Unbalanced case groups
Little decrement in power for the detection of pseudo-modifier effects was observed across a broad range of the percent of subjects with the subtype containing an enriched proportion of the risk-conferring allele. At any OR for which there is sufficient power for detection, 30–70% of the Type II cases are sufficient, and for high ORs, an even broader range may suffice (Figure 3).
Discussion
From these results, it is clear that the discovery of modifier gene effects that arise from genetic heterogeneity in complex diseases is critically dependent on most of the parameter estimates examined here.
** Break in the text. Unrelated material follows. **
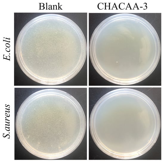 Gram-positive bacteria (Escherichia coli ATCC 25922) and gram-negative bacteria (Staphylococcus aureus CMCC(B) 26003) were chosen as model bacteria to evaluate the antibacterial activity of CHACAA hydrogel films, while a blank group without a hydrogel sample was the control group. It could be intuitively seen from Figure 5 that a large number of bacterial colonies were formed on the agar plates of each strain in the control group. After being treated with CHACAA hydrogels, almost no bacteria survived on the culture dishes, indicating that CHACAA hydrogels maintained high antibacterial activity, and the antibacterial rate could reach 100%. This remarkable inhibition behavior is mainly due to the fact that positively charged quaternary ammonium groups can interact with the negatively charged bacterial biofilm through electrostatic adhesion and efficiently damage the bacterial biofilms []. (Note: since no new colonies were formed on the petri dishes treated with all hydrogel films, only the photographs of bacterial colonies of the blank group and one group of samples are shown in Figure 5 for convenient observation.)

However, it is interesting to note that the proportion of cases with the risk-conferring allele can vary between 30 and 70% with little observed deviation in power. As subtypes are unlikely to evenly divide an affected population, this is a reassuring finding. On the other hand, RAF is a vital factor in detecting pseudo-modifier genes. With 3000 subjects, an RAF of 0.10 (or less) is insufficient for detection of a pseudo-modifier gene for any OR under 2.0, and even under ideal circumstances with an RAF of 0.50, the OR must be 1.3 or greater.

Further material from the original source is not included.